2) Usually the unit test inputs are read in from the file system and are big
xml files (maybe they represent a very large system). Are unit tests supposed
to touch the file system? Or would a unit test create a small input on the fly
and feed that to the code to be tested?
3) How can one refactor existing code to be unit testable?
Output differences
If your requirement is to produce output with certain degree of accuracy, then such tests are absolutely fine. It’s you who makes the final decision – “Is this output good enough, or not?”.
Talking to file system
You don’t want your tests to talk to file system in terms of relying on some files to exists somewhere in order for your tests to work (for example, reading values from configuration files). It’s a bit different with tests input resources – you can usually embed them in your tests (or at least test project), treat them as part of codebase, and on top of that they usually should be loaded before test executes. For example, when testing rather large XMLs it’s reasonable to have them stored as separete files, rather than strings in code files (which sometimes can be done instead).

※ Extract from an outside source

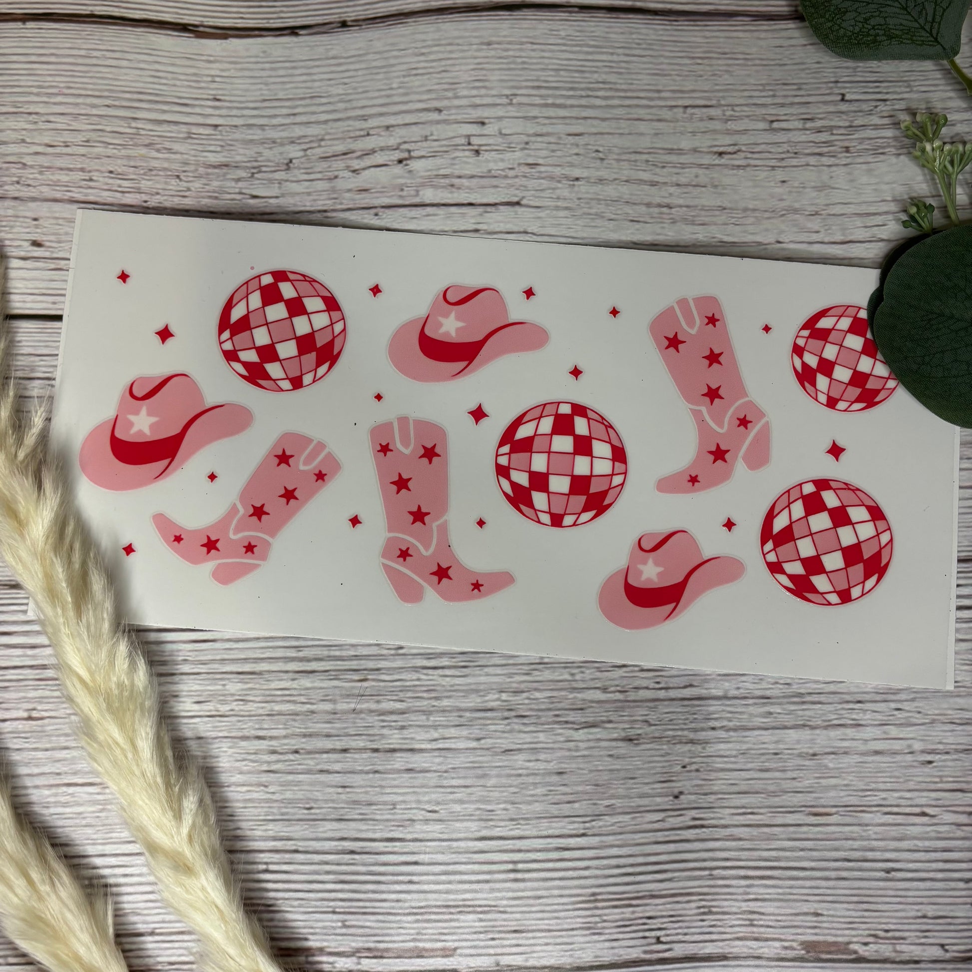 Cowgirl Boots, Disco Ball & Hat - Baby Pink 16oz Wrap

Point is – you want to keep your tests isolated and repeatable. If you can achieve that with file being loaded at runtime – it’s probably fine. However it’s still better to have them as part of codebase/resources than standard system file lying somewhere.
Refactoring
This question is fairly broad, but to put you in the right direction – you want to introduce more solid design, decouple objects and separate responsibilities. Better design will make testing easier and, what’s most important – possible. Like I said, it’s broad and complex topic, with entire books dedicated to it.